PROBLEM STATEMENT:
Go to the line with "To the point!" in the entries below and write out every line from there through the line with "- Detachable Solar", exactly and without pictures.

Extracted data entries
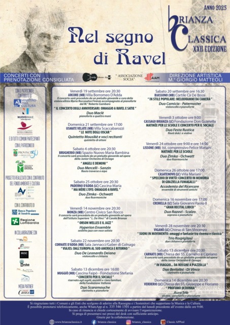 Torna “Nel segno di Ravel” la rassegna autunnale della XXII edizione di Brianza Classica, il circuito cameristico interprovinciale dell’Associazione Early Music Italia diretta dal Maestro Giorgio Matteoli, che si svolge nelle Province di Monza e Brianza e Lecco.
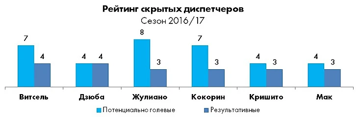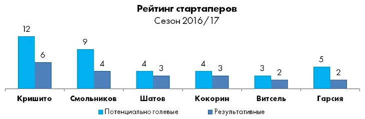 В текущем рейтинге игроков, которые чаще других оказывались в потенциально голевой позиции, компанию пятерке явно атакующих составляет штатный пенальтист Кришито. Помимо лидерства Жулиано, который забивает в среднем каждые 82 минуты своего пребывания на поле (к слову, скорострельность Халка в прошлом сезоне составляла 149 минут), обращает на себя внимание высочайшая эффективность всех зенитовских ударников.
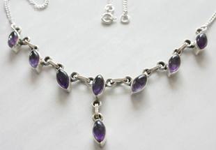 Sterling Silver Necklace Studded with Semi Precious Cabochon Gemstones.
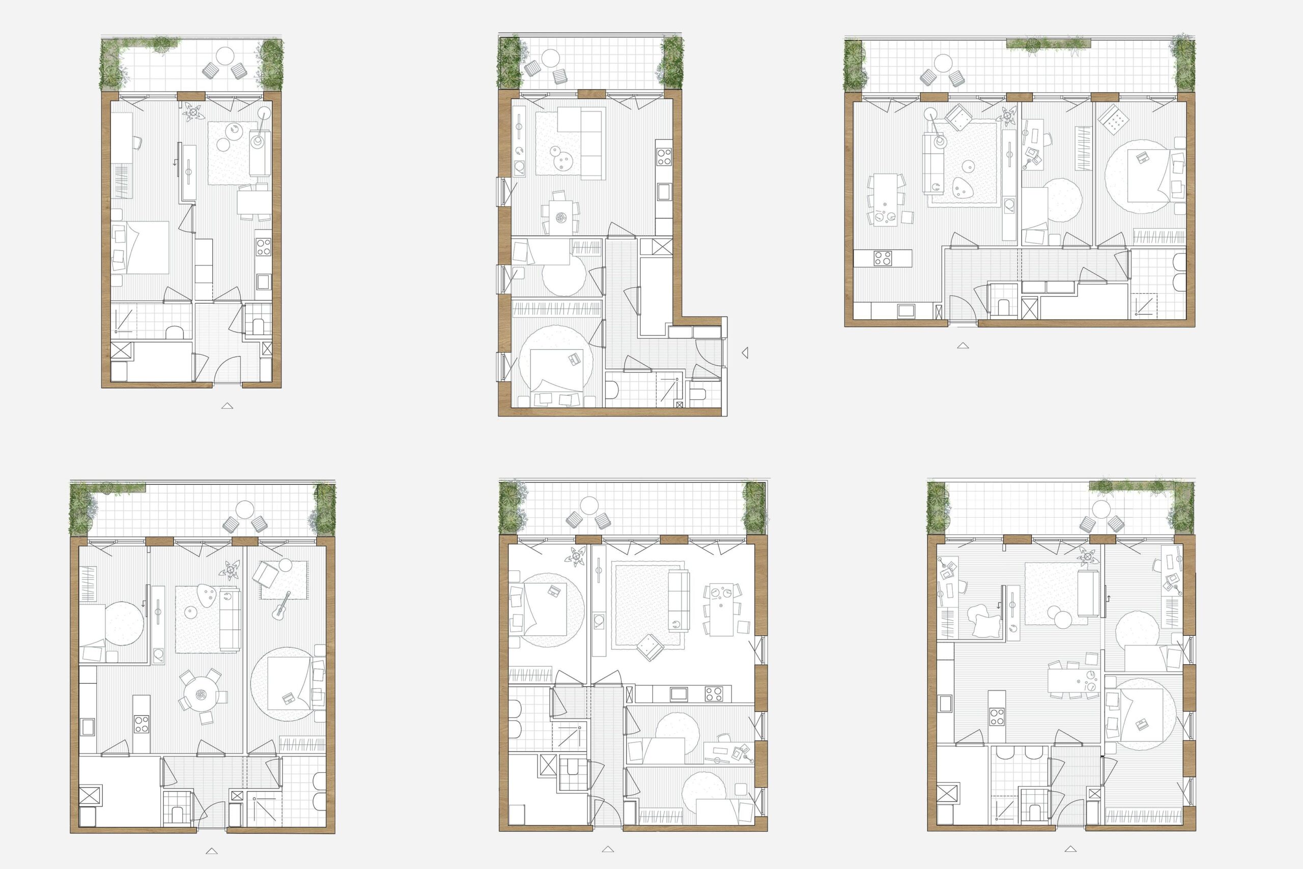 Flexibility, community and nature. That characterises living in Populus. By building with a columnar structure, we ensure great freedom in dividing, combining and adapting the homes, both now and in the future. Residents have access to various types of shared spaces, such as a collective roof terrace and the living room in block B. The all-sided blocks let in a lot of light, especially in the panoramic corner houses. The exposed wooden columns add atmosphere and, together with the plants on the outdoor spaces, they bring nature into the home everywhere. From the balconies, residents look out over green roofs, vegetated terraces and a living landscape.
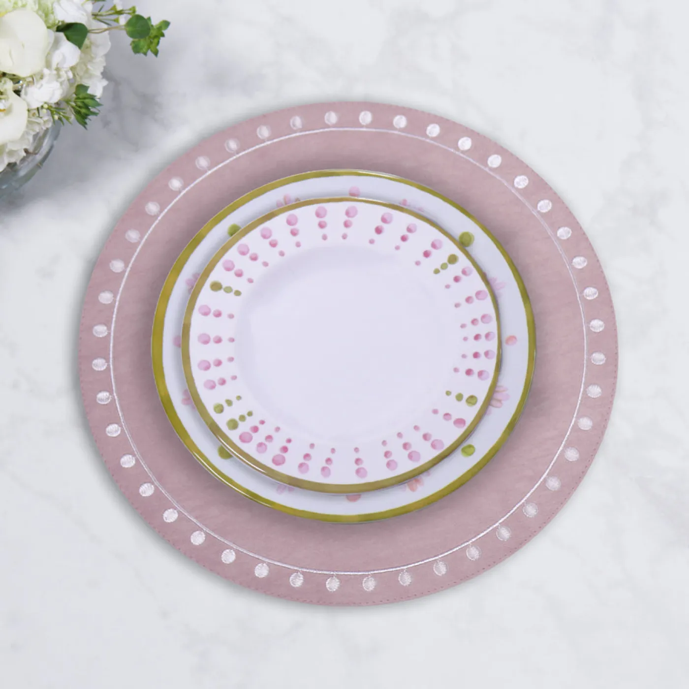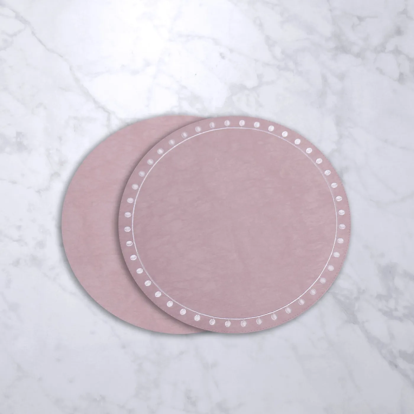 To the point! The VIDA Round Embroidered Dots 15.5″ Round Placemats Set of 4 (Pink and White) will give any table an instant makeover with joyful color and lively pattern of dots.
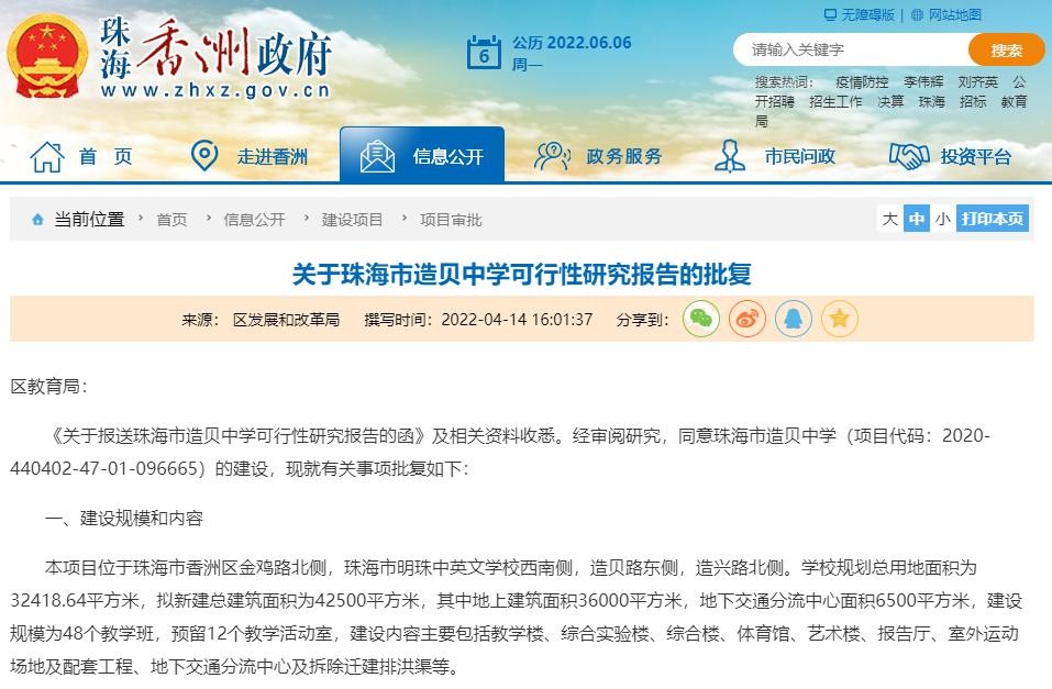 除造贝中学以外,一所全新的珠海高中也要来了。
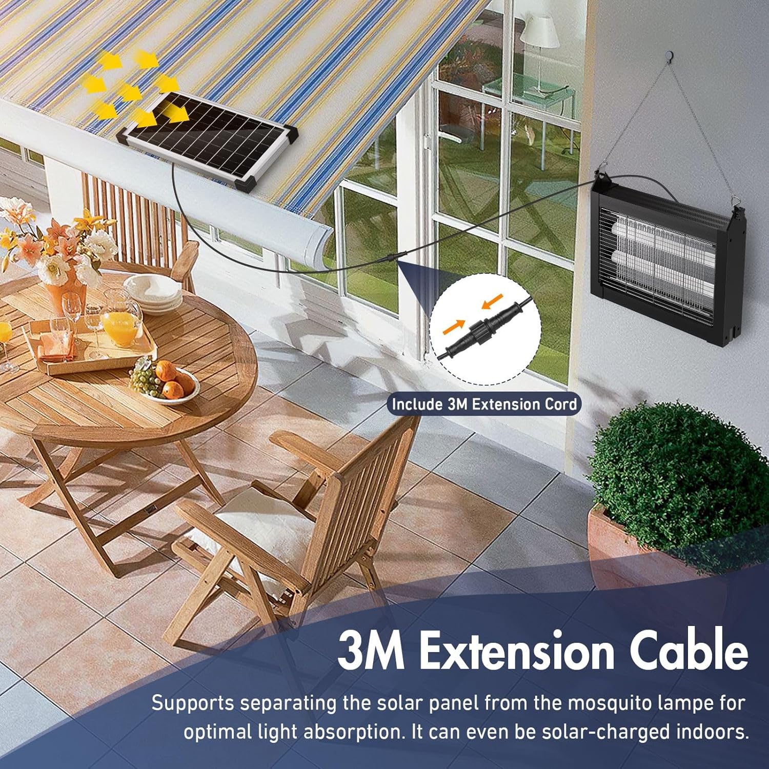 - Detachable Solar Panel for Optimal Charging β The mosquito zapper solar panel can be easily removed and placed in a sunlit area using the included 9.8ft extension cord. This allows for efficient solar charging, even if the lamp itself is positioned in a shaded or indoor area. Without worrying about placement limitations, ensure uninterrupted mosquito protection day and night.
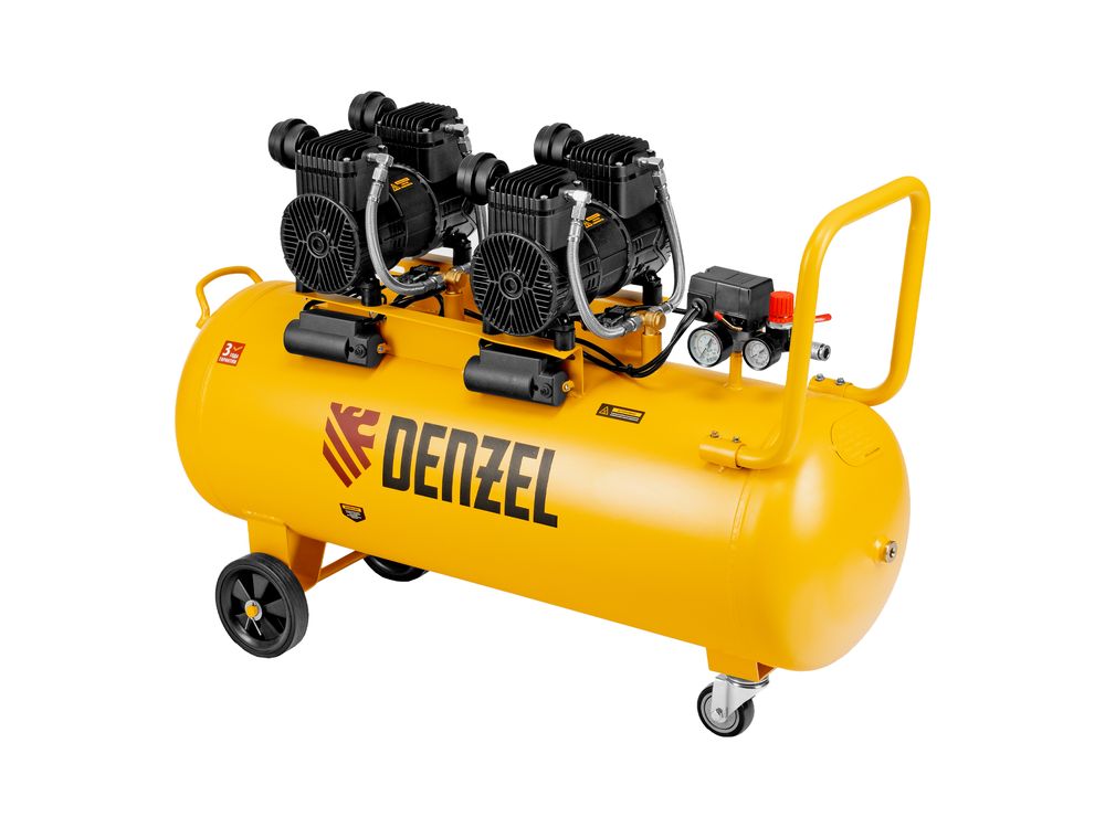 Безмасляный малошумный компрессор Denzel DLP-3000/100 58145 мощностью 3 кВт (2 x 1,5 кВт) и производительностью 500 л/мин, с ресивером объемом 100 л, оснащен двигателем со скоростью вращения 2850 об/мин. Предназначен для обеспечения пневмоинструмента сжатым воздухом. Для работы компрессора не требуется масло, поэтому он подходит для проведения покрасочных работ и продувки электронных компонентов. Прямой привод обеспечивает максимально эффективную работу и высокую производительность. Благодаря низкому уровню шума эксплуатация компрессора не вызывает ощущение дискомфорта.

TASK ANSWER:
 To the point! The VIDA Round Embroidered Dots 15.5″ Round Placemats Set of 4 (Pink and White) will give any table an instant makeover with joyful color and lively pattern of dots.
 除造贝中学以外,一所全新的珠海高中也要来了。
 - Detachable Solar Panel for Optimal Charging β The mosquito zapper solar panel can be easily removed and placed in a sunlit area using the included 9.8ft extension cord. This allows for efficient solar charging, even if the lamp itself is positioned in a shaded or indoor area. Without worrying about placement limitations, ensure uninterrupted mosquito protection day and night.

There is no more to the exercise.